In rice, ∼48% of expressed genes use alternative polyadenylation (APA) to generate transcriptomic and proteomic diversity (Fu et al., 2016). In particular, APA is involved in stress-responsive dynamics in rice (Ye et al., 2019). In this study, we directly detected poly(A) usage shifts during drought stress using Nanopore DRS, which offers a great advantage over other methods for the identification of APA dynamics induced by drought. We identified a global increase in distal poly(A) site usage in drought-treated SDX, with genes exhibiting drought-responsive APA dynamics mostly functioning in cellulose synthase activity and protein-related activity. CPSF30 regulates poly(A) site choice of most transcripts in Arabidopsis (Chakrabarti and Hunt, 2015), and recent studies show that the CPSF30-L isoform regulates APA globally and has a slight preference for distal poly(A) sites (Hou et al., 2021; Song et al., 2021). In this study, we found that expression of Ptr-CPSF30 was upregulated and exhibited a shift to the distal poly(A) site upon drought treatment. It will be interesting to investigate whether Ptr-CPSF30 is involved in global poly(A) switching under drought treatment. The mutant of VIR promotes lengthening of the 3′-UTR of ATAF1, GI, and GSTU17 transcripts via APA (Hu et al., 2021). Hypomethylated sites in mutants of the m⁶A methyltransferase FIONA1 are associated with APA shifting to usage of proximal poly(A) sites (Xu et al., 2022). Furthermore, we found an m⁶A peak/site in the 3′-UTR of CPSF30-L (Supplemental Figure S16).
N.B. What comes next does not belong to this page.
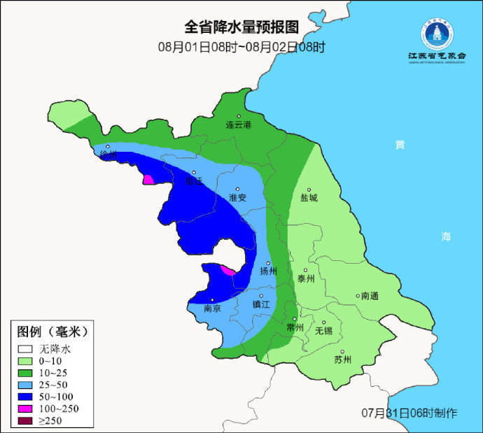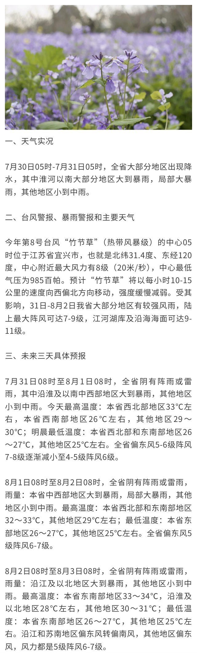 受其影响,31日-8月2日我省大部分地区有较强风雨,陆上最大阵风可达7-9级,江河湖库及沿海海面可达9-11级】7月31日08时至8月1日08时,全省阴有阵雨或雷雨,其中沿淮及以南中西部地区大到暴雨,其他地区小到中雨。今天最高温度:本省西北部地区33℃左右,本省西南部地区26℃左右,其他地区29~30℃;明晨最低温度:本省西北部和东南部地区26~27℃,其他地区25℃左右。全省偏东风5-6级阵风7-8级逐渐减小至4-5级阵风6级。

It will be interesting to investigate the functional regulation of these m⁶A sites in the 3′-UTR, which might reflect the interplay between RNA modification and polyadenylation (Figure 8, Module II versus Module III).

Nanopore DRS and RT-qPCR validation revealed several significant differences in m⁶A-related genes including ECT2, ECT8, ALKBH8B, and CPSF30 in response to drought stress. Future work to explore dynamic binding sites of these erasers and readers under stress will provide further insights into the drought-regulated epitranscriptome. Toward this goal, recently developed approaches such as formaldehyde cross-linking and immunoprecipitation, which was developed for identifying binding sites on transcripts targeted by ECT2 in Arabidopsis (Wei et al., 2018a, 2018b), and HyperTRIBE, adapted to identify targets of m⁶A reader proteins, will be of great use in furthering our understanding of the drought-regulated epitranscriptome (Arribas-Hernandez et al., 2021; ZHou et al., 2021).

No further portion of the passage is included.